§ Prompt
Each line in the material below, starting at the one that contains "The Black-necked Grebe" and ending at the one that contains "Gebroken witte knielange", should be repeated exactly; the pictures should not.

§ Supplied records
□ □ □ □ □ □ □
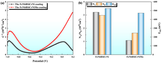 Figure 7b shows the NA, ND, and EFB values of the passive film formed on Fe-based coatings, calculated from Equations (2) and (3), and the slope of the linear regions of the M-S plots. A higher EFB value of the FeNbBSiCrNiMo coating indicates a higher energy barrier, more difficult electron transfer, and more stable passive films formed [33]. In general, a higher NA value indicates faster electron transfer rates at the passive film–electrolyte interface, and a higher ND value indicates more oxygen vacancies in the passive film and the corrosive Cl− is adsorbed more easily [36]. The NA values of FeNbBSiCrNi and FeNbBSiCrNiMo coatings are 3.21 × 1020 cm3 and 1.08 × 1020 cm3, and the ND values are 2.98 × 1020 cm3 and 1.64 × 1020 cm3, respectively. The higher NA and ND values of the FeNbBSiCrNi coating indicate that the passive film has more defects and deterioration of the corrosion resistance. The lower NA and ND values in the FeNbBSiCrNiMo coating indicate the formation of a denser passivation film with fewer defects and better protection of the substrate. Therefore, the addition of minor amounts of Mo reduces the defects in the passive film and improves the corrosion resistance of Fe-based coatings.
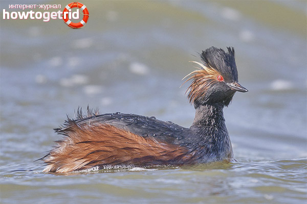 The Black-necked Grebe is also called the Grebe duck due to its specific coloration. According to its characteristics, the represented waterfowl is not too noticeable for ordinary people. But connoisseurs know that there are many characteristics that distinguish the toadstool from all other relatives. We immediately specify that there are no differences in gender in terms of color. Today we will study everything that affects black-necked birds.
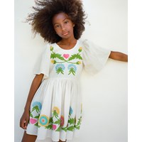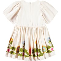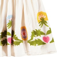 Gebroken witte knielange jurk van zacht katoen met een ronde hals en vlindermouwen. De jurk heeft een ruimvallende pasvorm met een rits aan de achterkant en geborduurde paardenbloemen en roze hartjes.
□ □ □ □ □ □ □
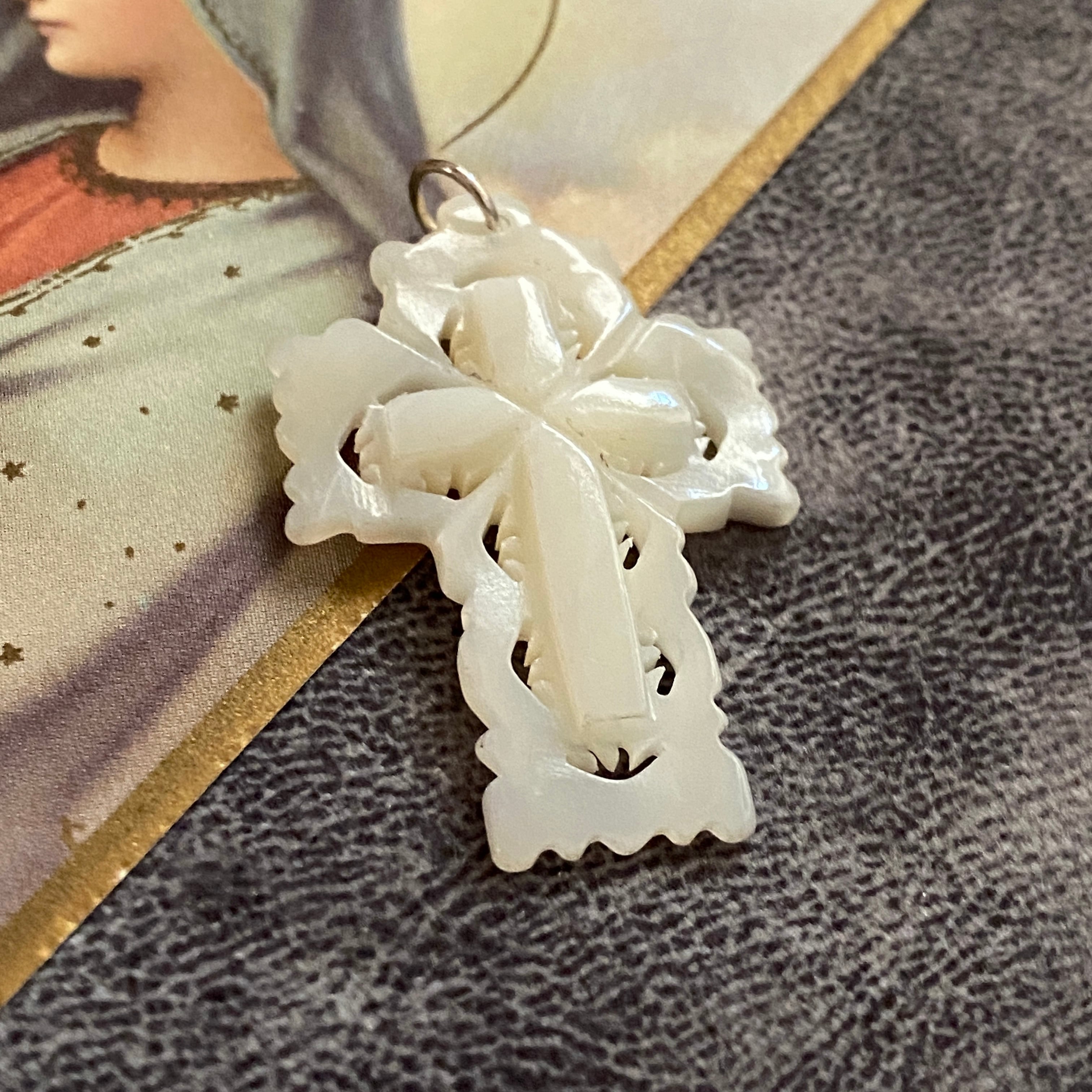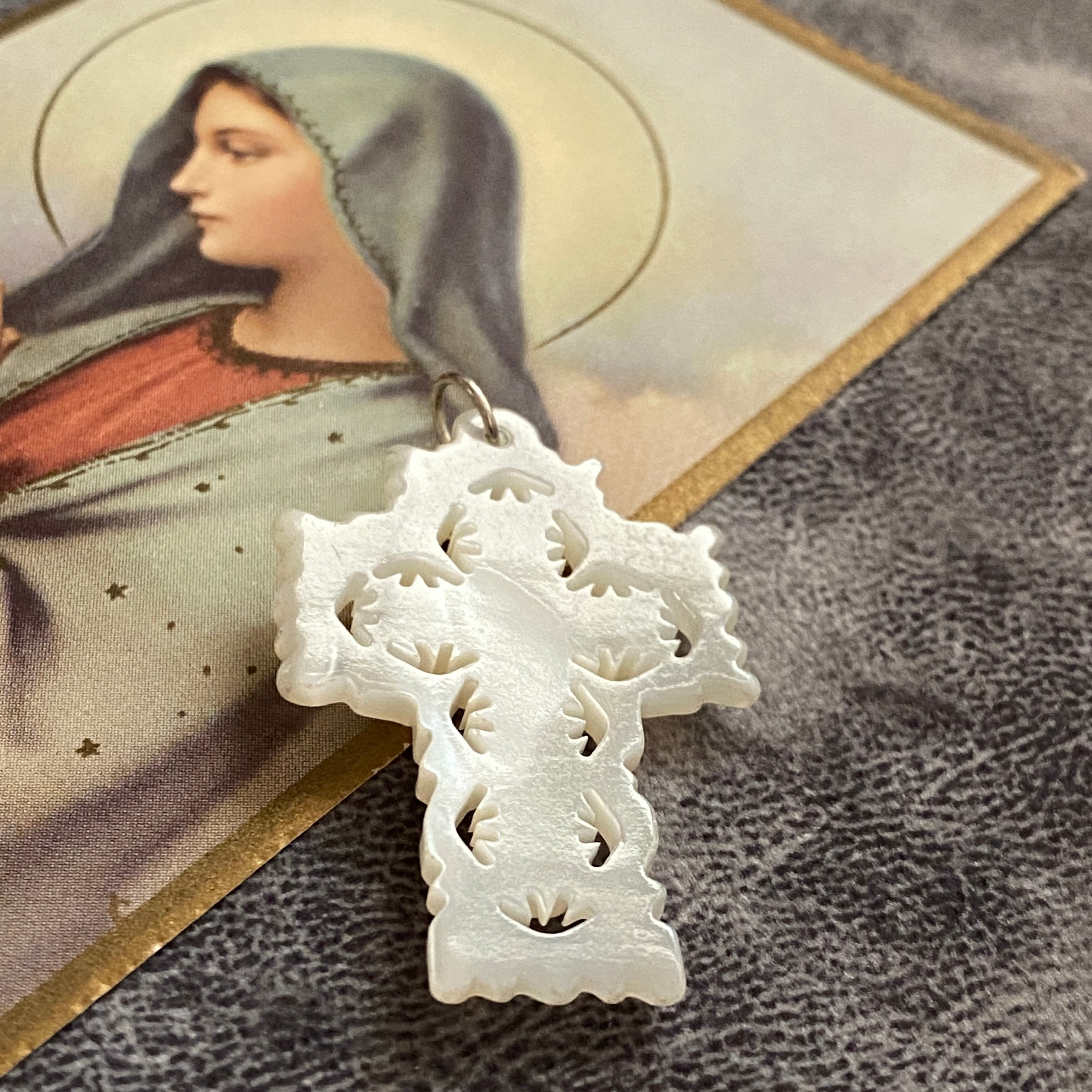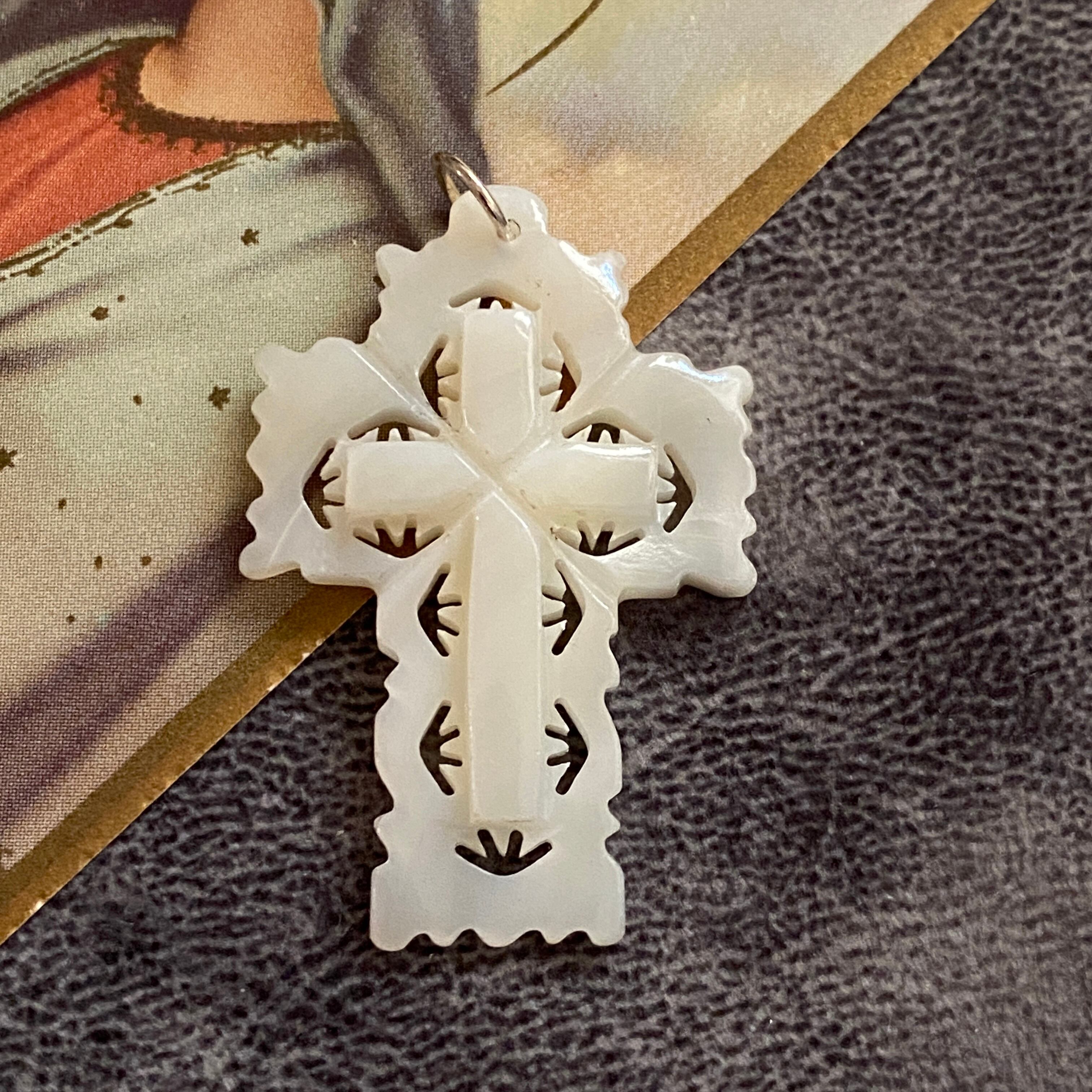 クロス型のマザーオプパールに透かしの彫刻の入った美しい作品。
□ □ □ □ □ □ □
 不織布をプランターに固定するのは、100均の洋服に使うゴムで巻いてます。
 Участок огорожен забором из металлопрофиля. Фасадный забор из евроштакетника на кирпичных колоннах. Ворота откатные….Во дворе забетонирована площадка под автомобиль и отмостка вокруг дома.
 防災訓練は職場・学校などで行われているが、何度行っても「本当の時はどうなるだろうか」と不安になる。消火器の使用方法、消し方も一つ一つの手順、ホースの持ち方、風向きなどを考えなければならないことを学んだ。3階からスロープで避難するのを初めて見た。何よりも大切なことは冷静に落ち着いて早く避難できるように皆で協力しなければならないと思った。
□ □ □ □ □ □ □
§ Exercise answer
 The Black-necked Grebe is also called the Grebe duck due to its specific coloration. According to its characteristics, the represented waterfowl is not too noticeable for ordinary people. But connoisseurs know that there are many characteristics that distinguish the toadstool from all other relatives. We immediately specify that there are no differences in gender in terms of color. Today we will study everything that affects black-necked birds.
 Gebroken witte knielange jurk van zacht katoen met een ronde hals en vlindermouwen. De jurk heeft een ruimvallende pasvorm met een rits aan de achterkant en geborduurde paardenbloemen en roze hartjes.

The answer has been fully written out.